ROCm-OpenCL-Runtime icon indicating copy to clipboard operation
ROCm-OpenCL-Runtime copied to clipboard

Dead Code Elimanation incorrectly optimises away dependend code

Open Dantali0n opened this issue 4 years ago • 11 comments

Hello I am writing an FFT algorithm in OpenCL and have found a pretty nasty bug in the ROCm OpenCL implementation. The problem resolves around the following kernel it's l2 variable:

void kernel fft(global double *real, global double *imag, ulong size, ulong power) {
	double c1 = -1.0;
	double c2 = 0.0;
	long l2 = 1;

	for (uint l = 0; l < power; l++) {
		uint l1 = l2;
		l2 <<= 1;
		double u1 = 1.0;
		double u2 = 0.0;

		for (uint j = 0; j < l1; j++) {
			for (uint i = j; i < size; i += l2) {
				uint i1 = i + l1;
				double t1 = u1 * real[i1] - u2 * imag[i1];
				double t2 = u1 * imag[i1] + u2 * real[i1];

				real[i1] = real[i] - t1;
				imag[i1] = imag[i] - t2;
				real[i] += t1;
				imag[i] += t2;
			}
			double z = ((u1 * c1) - (u2 * c2));
			u2 = ((u1 * c2) + (u2 * c1));
			u1 = z;
		}

		double onecm = 1.0 - c1;
		double onecp = 1.0 + c1;
		c2 = sqrt(onecm / 2.0);
		c1 = sqrt(onecp / 2.0);

		c2 = -c2;	
	}
}

This kernel is launched using a simple global range of 1. So no parallelism at all, single CU, single SE, single wavefront. However, the above kernel produces incorrect results.

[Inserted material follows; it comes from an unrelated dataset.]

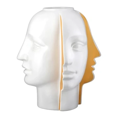 ELEGANT CERAMIC FACE SHAPED VASE This white vase with gold accents adds a stylish touch to any room and is a real focal point. 3D APPEARANCE FOR MODERN AESTHETICS The unique 3D face shape provides a fascinating visual experience and fits perfectly with contemporary home styles. WATERPROOF AND FUNCTIONAL Ideal for fresh flowers or as a decorative element, this vase is both practical and aesthetically pleasing. PERFECT SIZE FOR VERSATILE PLACEMENT At 28cm high and 23cm diameter, the vase is suitable for tables, shelves or window sills. HIGH QUALITY CRAFTSMANSHIP The sturdy ceramic ensures durability and stability, while the smooth surface is easy to clean.
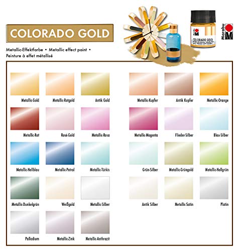Marabu 12640005784 - Metallic Effektfarbe, Colorado Gold metallic gold 50 ml, auf Wasserbasis, lichtecht, wetterfest, schnell trocknend, zum Pinseln und Tupfen auf saugenden UntergründenSeidenglänzende, metallisch-schimmernde Metallic-Effektfarbe"Ergiebig, intensive Farbtiefe"Geeignet für saugende Untergründe wie Holz, MDF, Pappmaché, Papier, Stein, Kermik, Ton, Leinwand, u.a."Zum Pinseln und Tupfen"Wetter- und wischfest, wasserbasiert

I know for sure this is an optimization bug as forcefully printing l2 during execution makes the kernel produce correct results. Furthermore, adding -cl-opt-disable to the build program options also resolves the issue!

...
for (uint l = 0; l < power; l++) {
	uint l1 = l2;
	l2 <<= 1;
	printf("l2: %u\n", l2);
	double u1 = 1.0;
	double u2 = 0.0;
...

Once again, this can not be due to concurrency issues as the kernel is launched with

this->cl_queue.enqueueNDRangeKernel(kernel_add, cl::NullRange, cl::NDRange(1), cl::NullRange);

Settings -WB, -simplifycfg-sink-common=0 as mentioned in the DarkTable issue does not resolve the issue. Setting the optimization to anything above -O0 will produce incorrect results.

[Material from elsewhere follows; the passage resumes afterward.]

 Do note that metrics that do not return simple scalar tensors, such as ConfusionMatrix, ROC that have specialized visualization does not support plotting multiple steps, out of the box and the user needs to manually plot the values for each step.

Dantali0n avatar May 17 '20 07:05 Dantali0n

does it work if replace double to float ?

qishilu avatar May 18 '20 10:05 qishilu

It has been over three months any update on this?

Dantali0n avatar Aug 25 '20 12:08 Dantali0n

Sorry for the delay. I wasn't expecting compiler concerns to be reported here. Can you provide the sources for the kernel and a standalone app which drives the kernel and checks that the result is as expected?

b-sumner avatar Aug 25 '20 15:08 b-sumner

Sorry for the delay. I wasn't expecting compiler concerns to be reported here. Can you provide the sources for the kernel and a standalone app which drives the kernel and checks that the result is as expected?

This project provides the ard-ocl target for which the source can be found in the oclfft folder. Several test cases for ard-ocl are included in the tests folder which uses boost to provide a unit test framework. The FFT function shown in a previous comment on this issue is used but produces incorrect results when compared against FFTW. The kernel is launched sequentially I.E. with a dimension of 1. When the kernel code is run on the CPU instead of using ROCM and OpenCL the results are correct.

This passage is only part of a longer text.